A year later, he gave an interview to The Telegraph. He does not paint a flattering picture of his American colleagues.

As far as the Americans were concerned, the Iraqi people were sub-human, untermenschen. You could almost split the Americans into two groups: ones who were complete crusaders, intent on killing Iraqis, and the others who were in Iraq because the Army was going to pay their college fees. They had no understanding or interest in the Arab culture. The Americans would talk to the Iraqis as if they were stupid and these weren’t isolated cases, this was from the top down. There might be one or two enlightened officers who understood the situation a bit better but on the whole that was their general attitude. Their attitude fuelled the insurgency. I think the Iraqis detested them.

On detaining insurgent fighters:

If we were on a joint counter-terrorist operation, for example, we would radio back to our headquarters that we were not going to detain certain people because, as far as we were concerned, they were not a threat because they were old men or obviously farmers, but the Americans would say ‘no, bring them back’.
The Americans had this catch-all approach to lifting suspects. The tactics were draconian and completely ineffective. The Americans were doing things like chucking farmers into Abu Ghraib or handing them over to the Iraqi authorities, knowing full well they were going to be tortured.
[…]
I can remember coming in off one operation which took place outside Baghdad, where we had detained some civilians who were clearly not insurgents, they were innocent people. I couldn’t understand why we had done this, so I said to my troop commander ‘would we have behaved in the same way in the Balkans or Northern Ireland?’ He shrugged his shoulders and said ‘this is Iraq’, and I thought ‘and that makes it all right?’
[…]
After you have been on a few operations, experience tells you when you are dealing with insurgents or just civilians and we knew the people we had detained were not a threat.

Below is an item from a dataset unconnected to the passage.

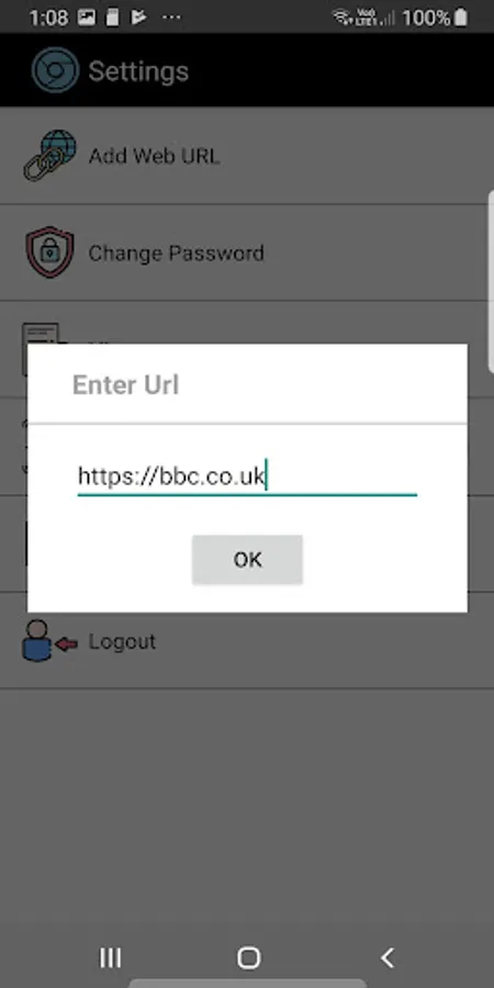 Lockdown any Browser URL in a KIOSK MODE. End user will have limited access to webpages. Device users cannot access android settings and other applications on the device.

One of them was a disabled man who had a leg missing but the Americans still ordered us to load them on the helicopters and bring them back to their base. A few hours later we were told to return half of them and fly back to the farm in daylight. It was a ridiculous order and we ran the risk of being shot down or ambushed, but we still had to do it. The Americans were risking our lives because they refused to listen to our advice the night before. It was typical of their behaviour.

On light trigger fingers:

The Americans had a well-deserved reputation for being trigger happy. In the three months that I was in Iraq, the soldiers I served with never shot anybody. When you asked the Americans why they killed people, they would say ‘we were up against the tough foreign fighters’. I didn’t see any foreign fighters in the time I was over there.

A commanding officer described Ben Griffen as a “balanced and honest soldier who possesses the strength and character to genuinely have the courage of his convictions.” He is not a random nutjob, and his words ought to be taken seriously.

As a general commentary, I have the distinct impression that US police are absolutely paranoid about their own personal safety. They often interpret innocent actions (e.g. reaching for the glovebox in a car) as immediate threats to their life. If similar attitudes also hold in the US military, they are horrendously counterproductive. A soldier who shoots a “potentially threatening” Iraqi might think his actions are making him marginally safer; instead, he is encouraging a dozen people to join the insurgents’ ranks.